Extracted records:
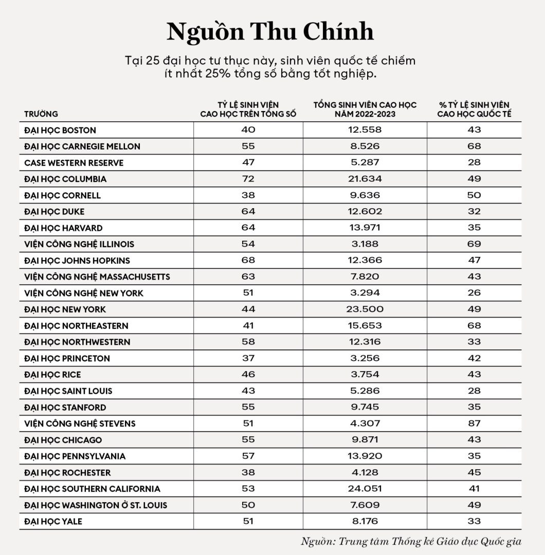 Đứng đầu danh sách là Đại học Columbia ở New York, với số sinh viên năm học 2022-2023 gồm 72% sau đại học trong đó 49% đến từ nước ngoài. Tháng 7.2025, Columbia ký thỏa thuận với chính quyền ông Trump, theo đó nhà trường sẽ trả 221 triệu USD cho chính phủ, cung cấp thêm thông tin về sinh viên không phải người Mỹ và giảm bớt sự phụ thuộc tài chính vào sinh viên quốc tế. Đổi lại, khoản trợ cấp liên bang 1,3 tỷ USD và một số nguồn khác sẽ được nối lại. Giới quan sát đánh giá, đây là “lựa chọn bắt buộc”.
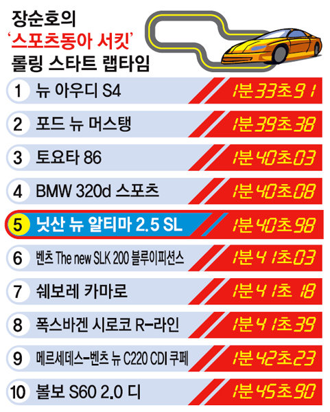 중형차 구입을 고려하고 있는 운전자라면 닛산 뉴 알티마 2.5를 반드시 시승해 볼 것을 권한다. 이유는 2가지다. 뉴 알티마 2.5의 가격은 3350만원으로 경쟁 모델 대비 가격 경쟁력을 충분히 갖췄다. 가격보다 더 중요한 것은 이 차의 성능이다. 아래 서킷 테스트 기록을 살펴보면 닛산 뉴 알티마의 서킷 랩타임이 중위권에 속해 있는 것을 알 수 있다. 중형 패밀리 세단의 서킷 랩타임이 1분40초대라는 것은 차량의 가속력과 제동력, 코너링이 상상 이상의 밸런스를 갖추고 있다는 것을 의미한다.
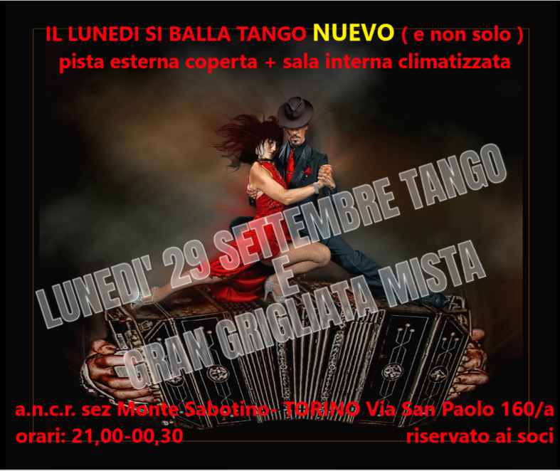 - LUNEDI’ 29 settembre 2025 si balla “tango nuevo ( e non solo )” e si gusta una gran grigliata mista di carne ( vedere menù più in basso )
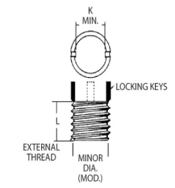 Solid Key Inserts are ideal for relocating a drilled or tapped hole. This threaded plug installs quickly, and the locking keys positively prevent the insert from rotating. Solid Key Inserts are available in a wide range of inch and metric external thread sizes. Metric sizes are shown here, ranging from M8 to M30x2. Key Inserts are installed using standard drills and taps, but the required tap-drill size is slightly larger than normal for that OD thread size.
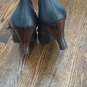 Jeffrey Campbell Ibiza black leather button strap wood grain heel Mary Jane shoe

# BRIEF
Give the data again exactly as written, with all pictures left out.

# ANSWER TO THE PROBLEM
 Đứng đầu danh sách là Đại học Columbia ở New York, với số sinh viên năm học 2022-2023 gồm 72% sau đại học trong đó 49% đến từ nước ngoài. Tháng 7.2025, Columbia ký thỏa thuận với chính quyền ông Trump, theo đó nhà trường sẽ trả 221 triệu USD cho chính phủ, cung cấp thêm thông tin về sinh viên không phải người Mỹ và giảm bớt sự phụ thuộc tài chính vào sinh viên quốc tế. Đổi lại, khoản trợ cấp liên bang 1,3 tỷ USD và một số nguồn khác sẽ được nối lại. Giới quan sát đánh giá, đây là “lựa chọn bắt buộc”.
 중형차 구입을 고려하고 있는 운전자라면 닛산 뉴 알티마 2.5를 반드시 시승해 볼 것을 권한다. 이유는 2가지다. 뉴 알티마 2.5의 가격은 3350만원으로 경쟁 모델 대비 가격 경쟁력을 충분히 갖췄다. 가격보다 더 중요한 것은 이 차의 성능이다. 아래 서킷 테스트 기록을 살펴보면 닛산 뉴 알티마의 서킷 랩타임이 중위권에 속해 있는 것을 알 수 있다. 중형 패밀리 세단의 서킷 랩타임이 1분40초대라는 것은 차량의 가속력과 제동력, 코너링이 상상 이상의 밸런스를 갖추고 있다는 것을 의미한다.
 - LUNEDI’ 29 settembre 2025 si balla “tango nuevo ( e non solo )” e si gusta una gran grigliata mista di carne ( vedere menù più in basso )
 Solid Key Inserts are ideal for relocating a drilled or tapped hole. This threaded plug installs quickly, and the locking keys positively prevent the insert from rotating. Solid Key Inserts are available in a wide range of inch and metric external thread sizes. Metric sizes are shown here, ranging from M8 to M30x2. Key Inserts are installed using standard drills and taps, but the required tap-drill size is slightly larger than normal for that OD thread size.
 Jeffrey Campbell Ibiza black leather button strap wood grain heel Mary Jane shoe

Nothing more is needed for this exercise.